A total of 389 participants from three different hospitals in equal numbers were recruited. The mean age of the participants was 33.5 (SD= 13.2), with primary females (56.6%). Most [57.7%] of the participants opted to respond to the tool in English, and the remaining participants filled in the Urdu version. A cumulative of (22.1%) were estimated with low education, (and 88.9%) of the participants had no health insurance and no health coverage from employers (20.1%). The following demographic characteristics of participants are shown [Appendix, table 1].

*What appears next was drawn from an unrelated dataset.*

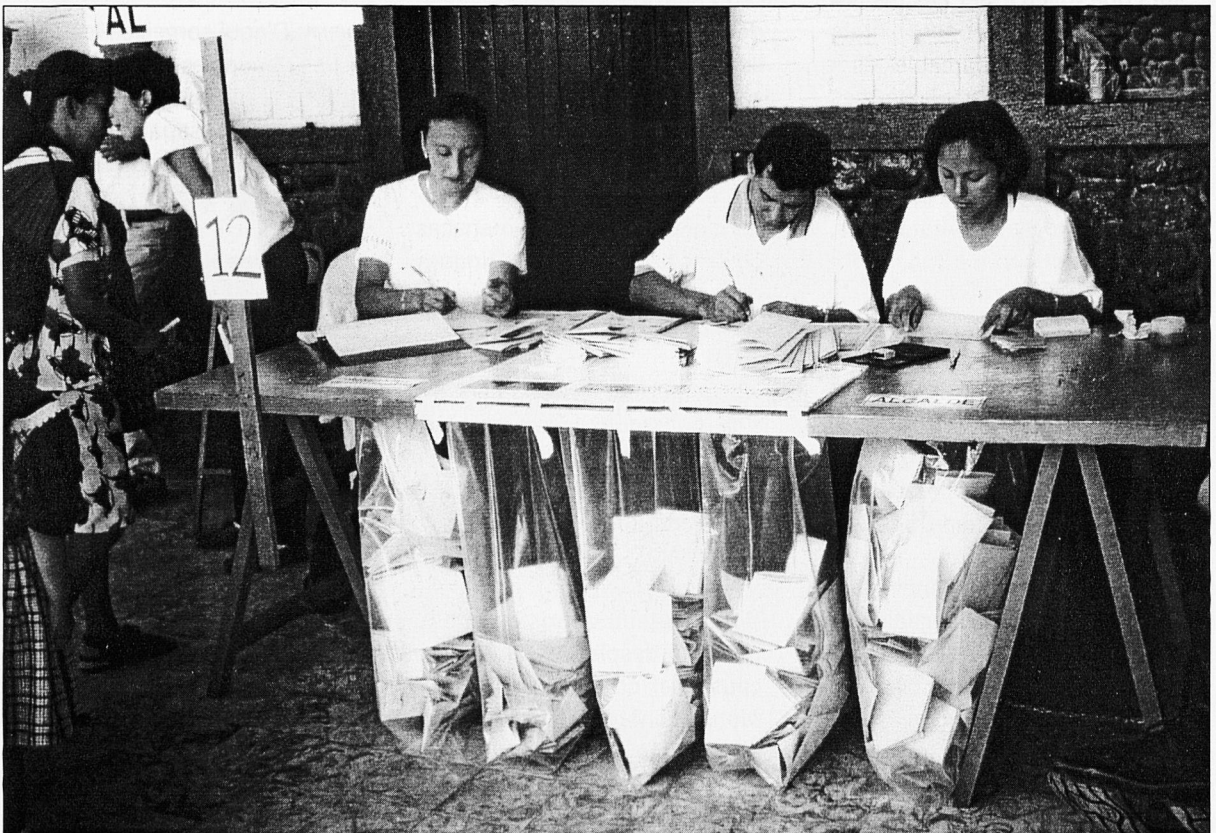
Mesa de votació.

- La lentitud del procés de votació fa que si l'assistència a les meses és àmplia al final de la jornada quedi molta gent sense

Internal Consistency Reliability of Knowledge of Sociodemographic Domains on Advance Directives
There were a total of 19 items described in sociodemographic sub-domains of knowledge on advance directives; family helps support/ decisions (The FHSD), Socio-cultural/ religion (SR), and physical health awareness experiences (PH). The overall six items in the family help support/ decision component showed an overall mean of 2.37 (SD = 0.19), five items in sociocultural/ religion (SR) with a standard of 2.53 (SD= 0.54), and eight items in physical health experience awareness (PH) with individual item frequency and proportions were reported as it had a dispersion of non-directional things from which we found that 84.83% were physically healthy, with only 22.37% notified to have any health issues, about 76.61% reported that they didn't have any extensive treatments in the present or past. Most participants [89.46%] stated that no terminally ill patients were in their families. Therefore 89.46% said that they have not yet experienced a situation where someone has asked their choices about how to get treated. More than half of the participants [55.78%] reported that they didn't experience the death of a close family member or friend in the last two years. 59.90% of participants didn't experience any significant impact on life in terms of care at the End of life. As a result, 67.35% of the participants didn't feel it necessary to discuss end-of-life decisions [Appendix, table 2].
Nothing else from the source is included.